Problem to solve: Setting pictures aside, output exactly the lines from the start of the records to the line with "Percentage of students", that line included.

Data:

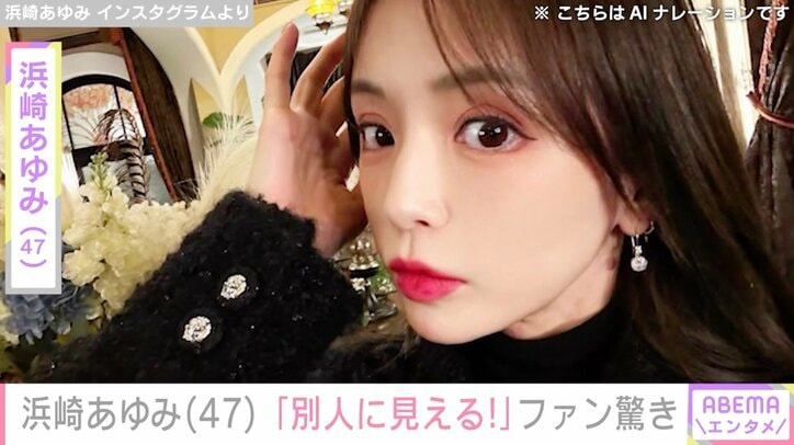 “ぴっちぴち”息子の服を着た姿が話題・浜崎あゆみ(47)、最新ショットに反響「別人に見える!」「とてもセクシー」 ABEMAエンタメ浜崎あゆみ 2026/02/17 10:53 拡大する 歌手の浜崎あゆみ(47)が、肩やデコルテがあらわになった姿を披露し、絶賛の声が寄せられている。 6歳と4歳、2人の男の子を育てている浜崎。InstagramではキッズサイズのTシャツを着たトレーニング動画も公開しており、「息子用の120(cm)です!素で自分のと思って着たらぴっちぴちでしたw」とコメントし、その姿が話題になっていた。 15日には肩やデコルテを大胆に見せている黒い服を着用し、ポーズをとる写真を披露。この投稿には「わぁぁ あゆちゃん美しすぎる」「とてもセクシー」「別人に見える!」などのコメントが寄せられている。(『ABEMA NEWS』より) 続きを読む
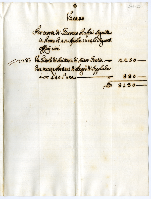 Uffici vacanti per morte di Giacomo Rufini (1704 aprile 22)
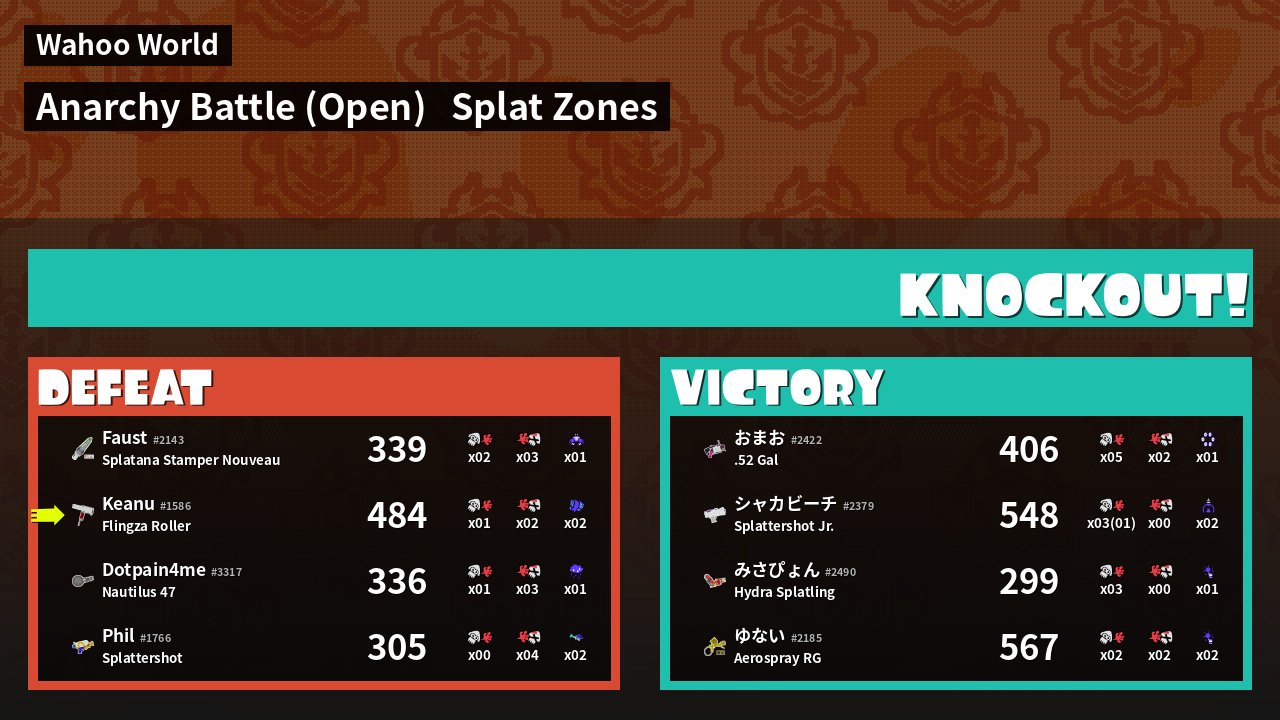 | Mode | Splat Zones - Anarchy Battle (Open) | ||
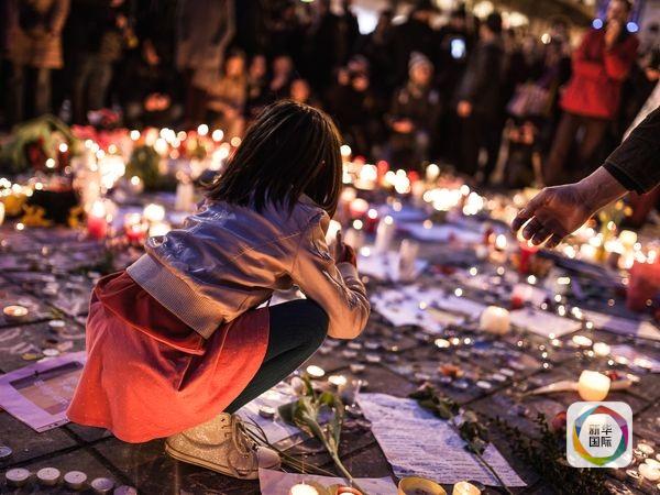 布魯塞爾市中心廣場,女孩點燃悼念蠟燭。(圖片來源:新華/美聯(lián))
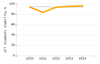 Percentage of students exceeding or meeting expectations
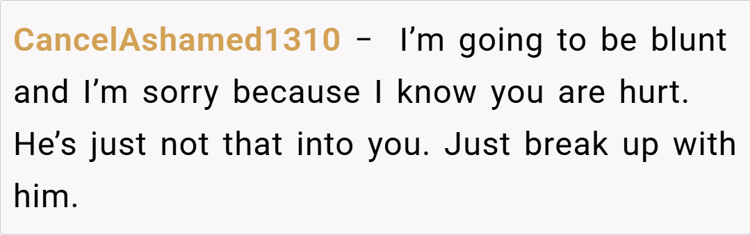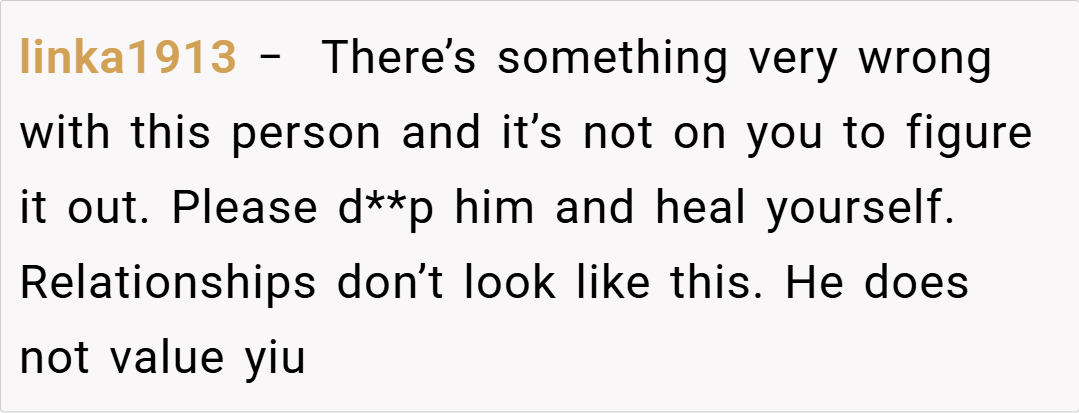 Similarly, family therapist Dr. Susan Johnson notes, “In mature relationships, partners should communicate openly about what makes them feel valued. When those conversations are repeatedly ignored, it’s natural to become deeply hurt—even to the point of tears.” Both experts agree that the OP’s emotional response, though painful to witness, is a reflection of deeper issues within the relationship that have been left unaddressed over time.
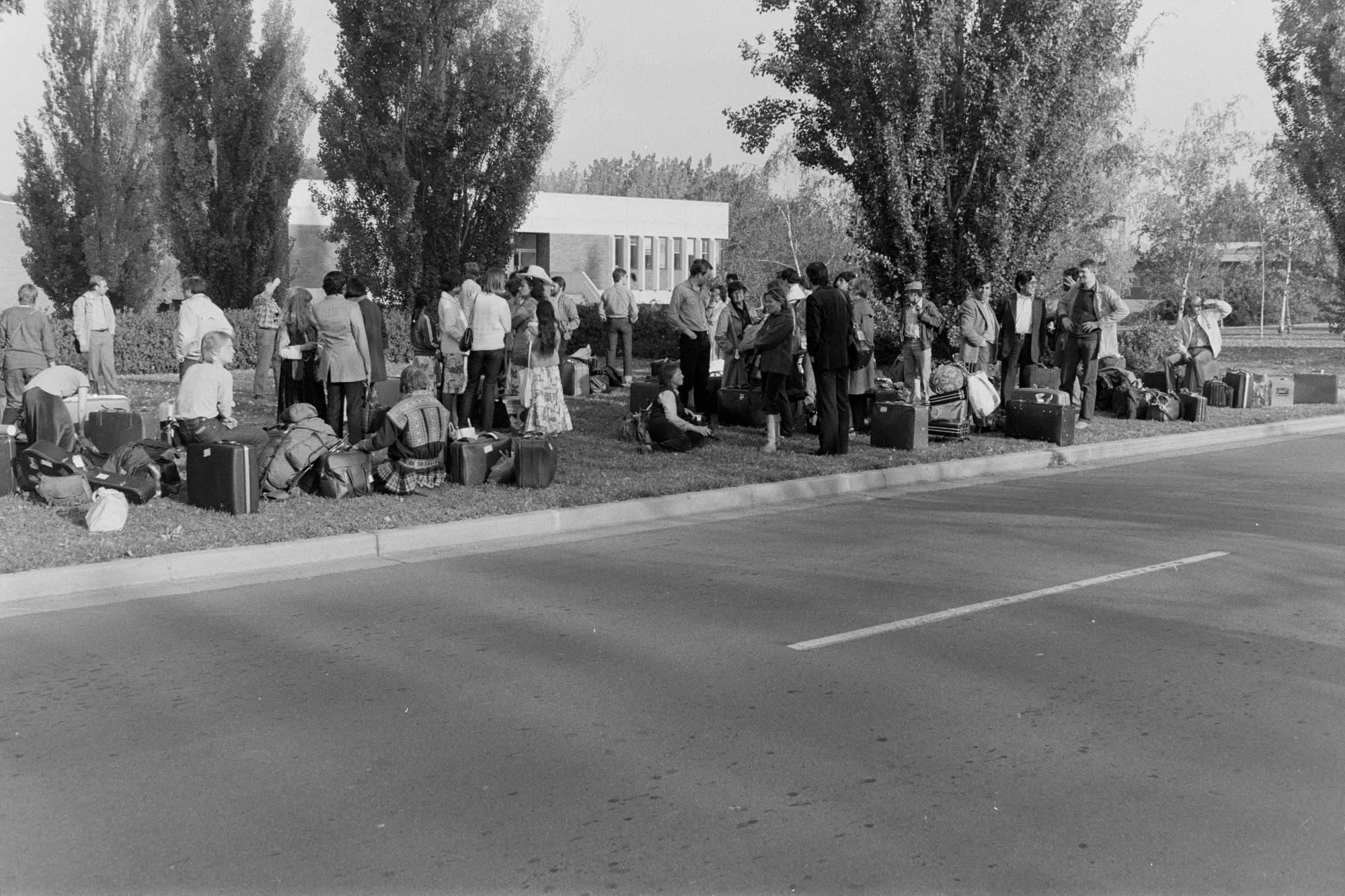 Resenärer väntar på buss efter National Aboriginal Conference i Australien i början av 1980-talet.

Completed task:
 “ぴっちぴち”息子の服を着た姿が話題・浜崎あゆみ(47)、最新ショットに反響「別人に見える!」「とてもセクシー」 ABEMAエンタメ浜崎あゆみ 2026/02/17 10:53 拡大する 歌手の浜崎あゆみ(47)が、肩やデコルテがあらわになった姿を披露し、絶賛の声が寄せられている。 6歳と4歳、2人の男の子を育てている浜崎。InstagramではキッズサイズのTシャツを着たトレーニング動画も公開しており、「息子用の120(cm)です!素で自分のと思って着たらぴっちぴちでしたw」とコメントし、その姿が話題になっていた。 15日には肩やデコルテを大胆に見せている黒い服を着用し、ポーズをとる写真を披露。この投稿には「わぁぁ あゆちゃん美しすぎる」「とてもセクシー」「別人に見える!」などのコメントが寄せられている。(『ABEMA NEWS』より) 続きを読む
 Uffici vacanti per morte di Giacomo Rufini (1704 aprile 22)
 | Mode | Splat Zones - Anarchy Battle (Open) | ||
 布魯塞爾市中心廣場,女孩點燃悼念蠟燭。(圖片來源:新華/美聯(lián))
 Percentage of students exceeding or meeting expectations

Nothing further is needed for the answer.